_SUPPLIED RECORDS_.

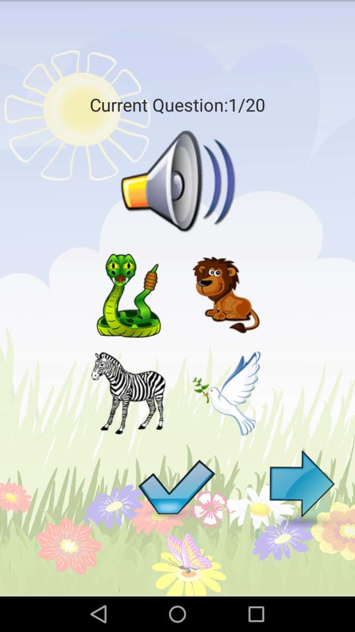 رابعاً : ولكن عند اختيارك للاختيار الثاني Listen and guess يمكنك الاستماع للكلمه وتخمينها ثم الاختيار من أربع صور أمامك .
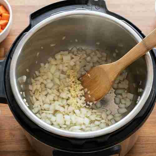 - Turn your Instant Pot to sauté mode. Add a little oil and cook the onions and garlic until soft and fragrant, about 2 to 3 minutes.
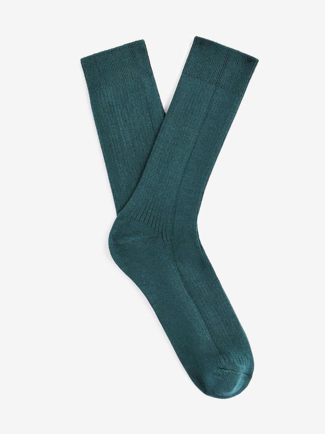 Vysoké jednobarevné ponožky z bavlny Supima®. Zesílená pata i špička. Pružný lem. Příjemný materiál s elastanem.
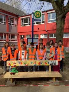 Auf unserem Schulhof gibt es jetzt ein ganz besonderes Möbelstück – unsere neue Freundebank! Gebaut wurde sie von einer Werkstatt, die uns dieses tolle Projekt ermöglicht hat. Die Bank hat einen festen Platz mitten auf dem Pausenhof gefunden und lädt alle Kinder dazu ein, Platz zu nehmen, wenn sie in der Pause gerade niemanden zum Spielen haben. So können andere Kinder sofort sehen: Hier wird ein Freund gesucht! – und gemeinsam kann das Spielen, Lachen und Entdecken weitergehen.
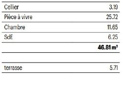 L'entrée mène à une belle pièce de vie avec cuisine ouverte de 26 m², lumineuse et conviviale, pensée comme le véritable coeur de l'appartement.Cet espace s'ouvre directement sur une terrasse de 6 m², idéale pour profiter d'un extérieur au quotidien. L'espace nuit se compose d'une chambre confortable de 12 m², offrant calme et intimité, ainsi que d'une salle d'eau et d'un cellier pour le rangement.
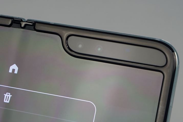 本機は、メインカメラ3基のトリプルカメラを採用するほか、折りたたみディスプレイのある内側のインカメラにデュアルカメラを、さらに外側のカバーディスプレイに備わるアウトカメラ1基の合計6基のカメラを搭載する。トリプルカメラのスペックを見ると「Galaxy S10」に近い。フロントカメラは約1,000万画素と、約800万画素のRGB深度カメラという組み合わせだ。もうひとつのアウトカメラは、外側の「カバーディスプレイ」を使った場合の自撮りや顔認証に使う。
...
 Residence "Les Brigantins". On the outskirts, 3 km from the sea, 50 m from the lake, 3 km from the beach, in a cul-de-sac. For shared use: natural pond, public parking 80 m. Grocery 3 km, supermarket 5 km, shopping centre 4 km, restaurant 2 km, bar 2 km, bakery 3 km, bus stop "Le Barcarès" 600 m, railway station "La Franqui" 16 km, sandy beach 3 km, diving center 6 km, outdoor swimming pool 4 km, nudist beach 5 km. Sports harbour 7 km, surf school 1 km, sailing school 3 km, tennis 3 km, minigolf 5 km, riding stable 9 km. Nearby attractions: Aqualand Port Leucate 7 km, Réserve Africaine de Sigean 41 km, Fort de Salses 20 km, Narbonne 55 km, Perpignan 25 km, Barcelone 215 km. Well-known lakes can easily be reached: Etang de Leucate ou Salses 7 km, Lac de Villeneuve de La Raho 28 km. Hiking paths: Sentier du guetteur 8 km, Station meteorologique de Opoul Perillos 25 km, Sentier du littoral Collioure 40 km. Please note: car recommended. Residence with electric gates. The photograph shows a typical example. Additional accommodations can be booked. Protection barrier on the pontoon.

_TASK STATEMENT_.
Given the entries above, transcribe exactly the lines from the one holding "- Turn your" through the one holding "本機は、メインカメラ3基のト"; pictures do not belong in the transcription.

_OUTPUT FOR THIS EXERCISE_.
 - Turn your Instant Pot to sauté mode. Add a little oil and cook the onions and garlic until soft and fragrant, about 2 to 3 minutes.
 Vysoké jednobarevné ponožky z bavlny Supima®. Zesílená pata i špička. Pružný lem. Příjemný materiál s elastanem.
 Auf unserem Schulhof gibt es jetzt ein ganz besonderes Möbelstück – unsere neue Freundebank! Gebaut wurde sie von einer Werkstatt, die uns dieses tolle Projekt ermöglicht hat. Die Bank hat einen festen Platz mitten auf dem Pausenhof gefunden und lädt alle Kinder dazu ein, Platz zu nehmen, wenn sie in der Pause gerade niemanden zum Spielen haben. So können andere Kinder sofort sehen: Hier wird ein Freund gesucht! – und gemeinsam kann das Spielen, Lachen und Entdecken weitergehen.
 L'entrée mène à une belle pièce de vie avec cuisine ouverte de 26 m², lumineuse et conviviale, pensée comme le véritable coeur de l'appartement.Cet espace s'ouvre directement sur une terrasse de 6 m², idéale pour profiter d'un extérieur au quotidien. L'espace nuit se compose d'une chambre confortable de 12 m², offrant calme et intimité, ainsi que d'une salle d'eau et d'un cellier pour le rangement.
 本機は、メインカメラ3基のトリプルカメラを採用するほか、折りたたみディスプレイのある内側のインカメラにデュアルカメラを、さらに外側のカバーディスプレイに備わるアウトカメラ1基の合計6基のカメラを搭載する。トリプルカメラのスペックを見ると「Galaxy S10」に近い。フロントカメラは約1,000万画素と、約800万画素のRGB深度カメラという組み合わせだ。もうひとつのアウトカメラは、外側の「カバーディスプレイ」を使った場合の自撮りや顔認証に使う。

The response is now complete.